**Task item**
Starting with the line that holds "The only Druze" and stopping after the line that holds "COFE, COUSCOUS, ChemSep, TEA, CORN", repeat the lines below word for word, without the pictures.

Source records:
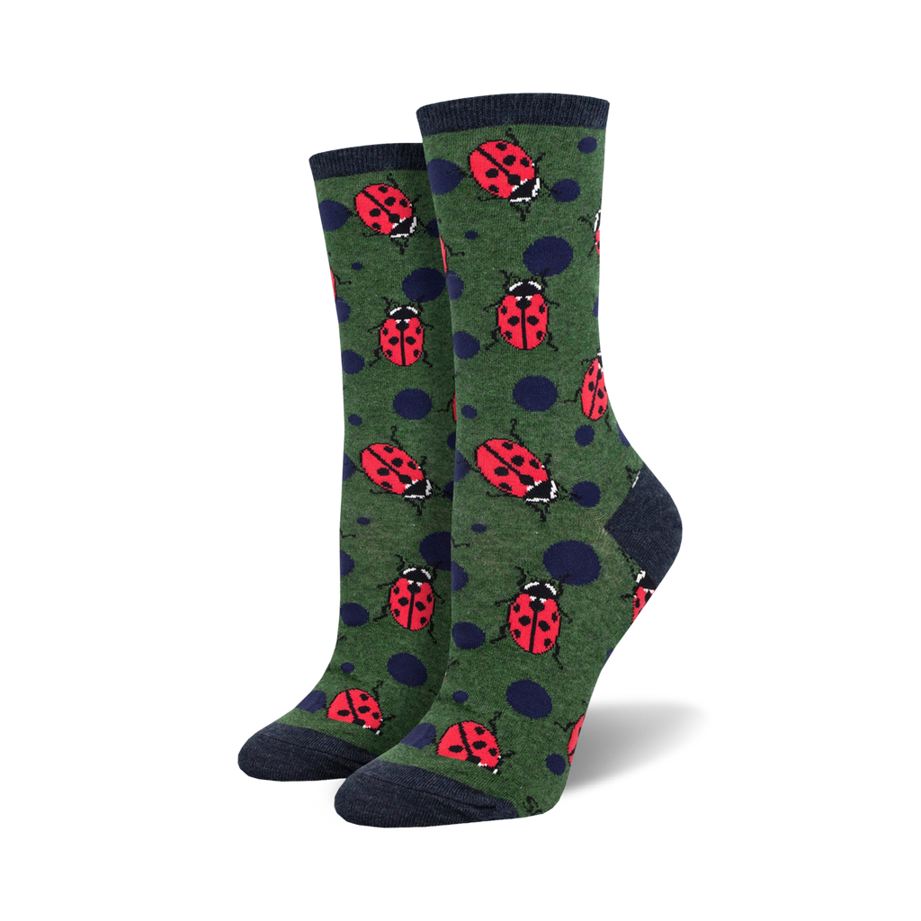 Meet the crew length Ladybugs socks ”socks that are as cute as they are vibrant. Decorated with polka-dotted ladybugs in bright red against a dark green background, these fun women's socks are sure to bring luck and style to your ensemble. Perfect for ladybug enthusiasts, nature lovers, and anyone with a playful side, these socks prove that "spots always hit the spot!"
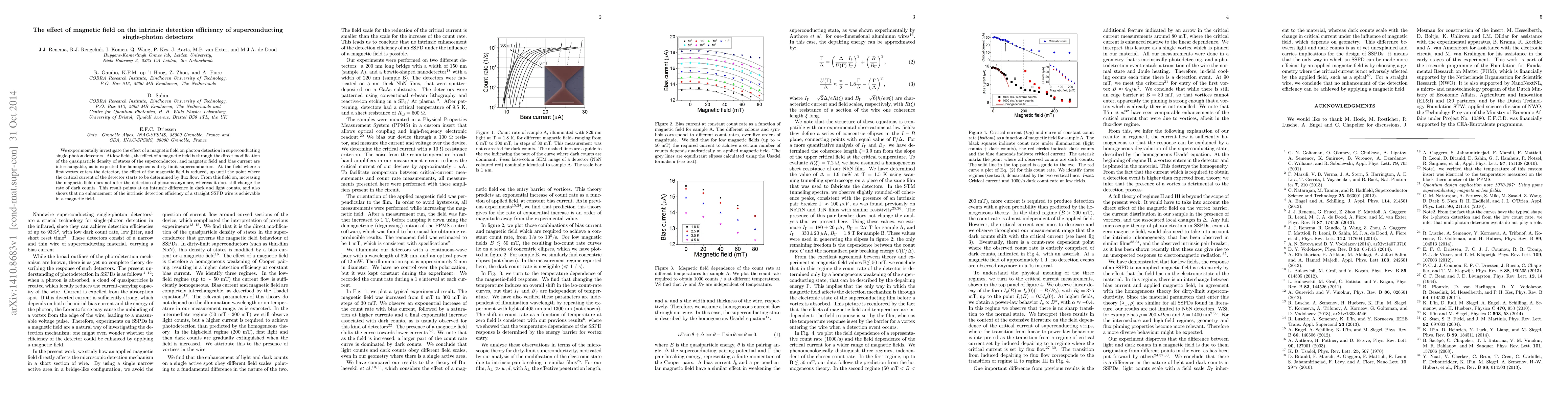 This study experimentally investigates how magnetic fields affect the detection efficiency of superconducting single-photon detectors. The magnetic field modifies quasiparticle density at low fields, but its effect diminishes as vortices enter the detector, ultimately not enhancing detection efficiency.
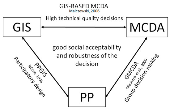 Triangle of integration of GIS, Public Participation and MCDA in the transport decision-making process (adapted from [111]).
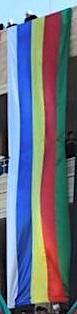 The only Druze flag is combined by a green triangle at the hoist side, and four horizontal stripes of red-yellow-blue-white. The meanings of the colours are:
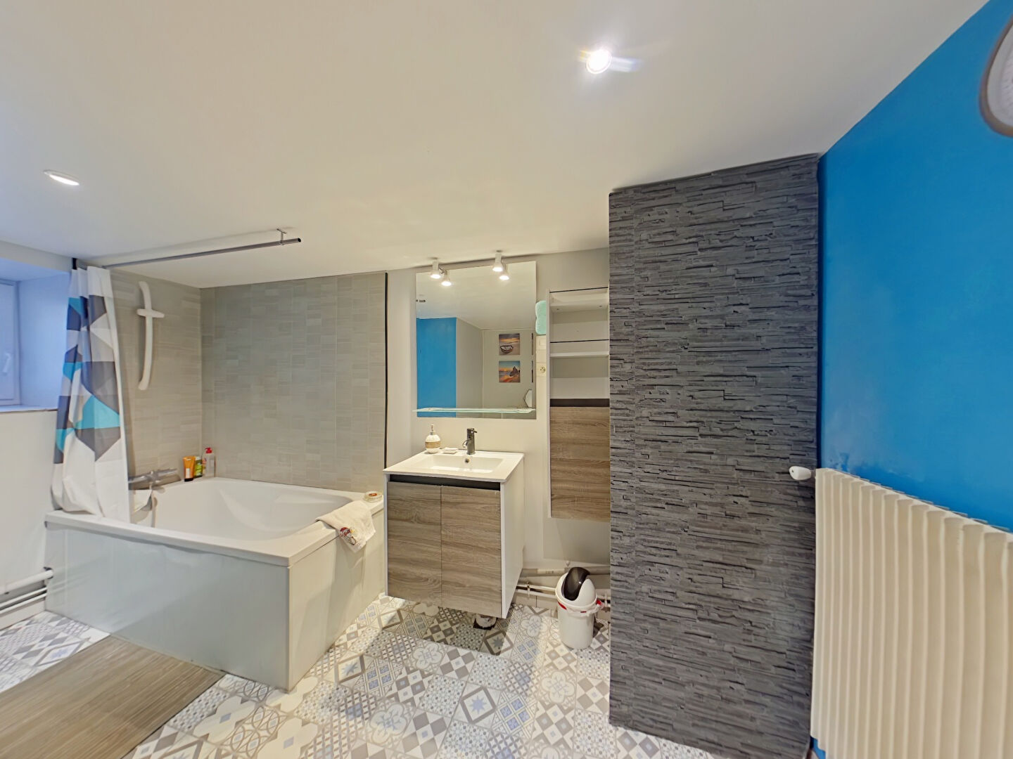 Au 1er, palier, par un escalier en pierre, palier, deux chambres dont une avec salle de bains.
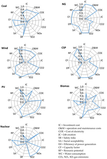 The first formula is used when the indicator represents a value, whereas the second formula is used when the indicator represents a cost, so that ultimately, we get a value between 0 and 1 for each criterion across the assessed technologies with an equal interpretation (i.e., 1 means the best). A comparison of the normalized multi-criteria evaluation of the technologies under assessment is shown in Figure 7.
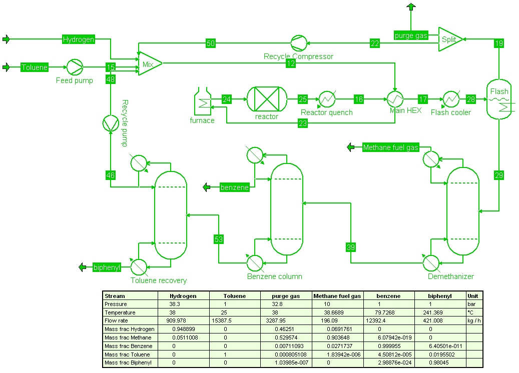 COFE, COUSCOUS, ChemSep, TEA, CORN | This case study is a modified version of the 1967 American Institute of Chemical Engineers student contest problem for the dealkylation of toluene to benzene with hydrogen, see "Conceptual Design of Chemical Processes", McGrawHill,
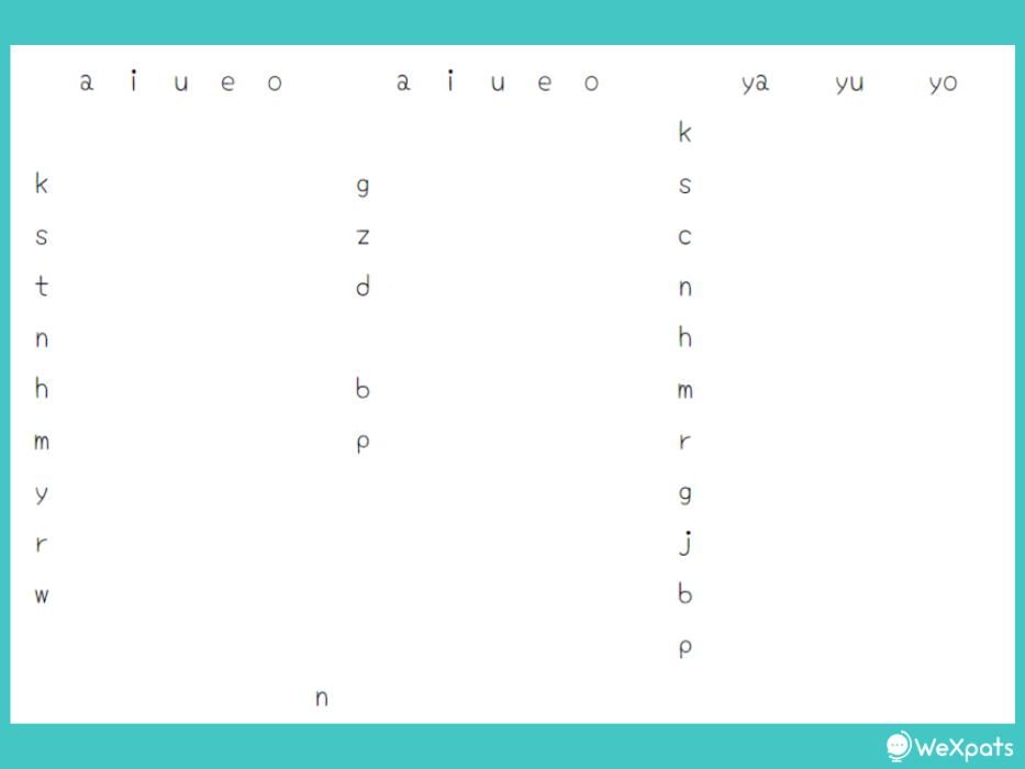 히라가나와 가타카나를 전부 외우셨나요? 언제든 떠올릴 수 있을 정도로 자신이 있으신가요? 히라가나표, 가타카나표는 실수 없이 외울 때까지 반복해서 쓰는 것을 추천드립니다. 다음과 같이 자음과 모음만 표에 쓰는 것부터 시작~

**Output**
 The only Druze flag is combined by a green triangle at the hoist side, and four horizontal stripes of red-yellow-blue-white. The meanings of the colours are:
 Au 1er, palier, par un escalier en pierre, palier, deux chambres dont une avec salle de bains.
 The first formula is used when the indicator represents a value, whereas the second formula is used when the indicator represents a cost, so that ultimately, we get a value between 0 and 1 for each criterion across the assessed technologies with an equal interpretation (i.e., 1 means the best). A comparison of the normalized multi-criteria evaluation of the technologies under assessment is shown in Figure 7.
 COFE, COUSCOUS, ChemSep, TEA, CORN | This case study is a modified version of the 1967 American Institute of Chemical Engineers student contest problem for the dealkylation of toluene to benzene with hydrogen, see "Conceptual Design of Chemical Processes", McGrawHill,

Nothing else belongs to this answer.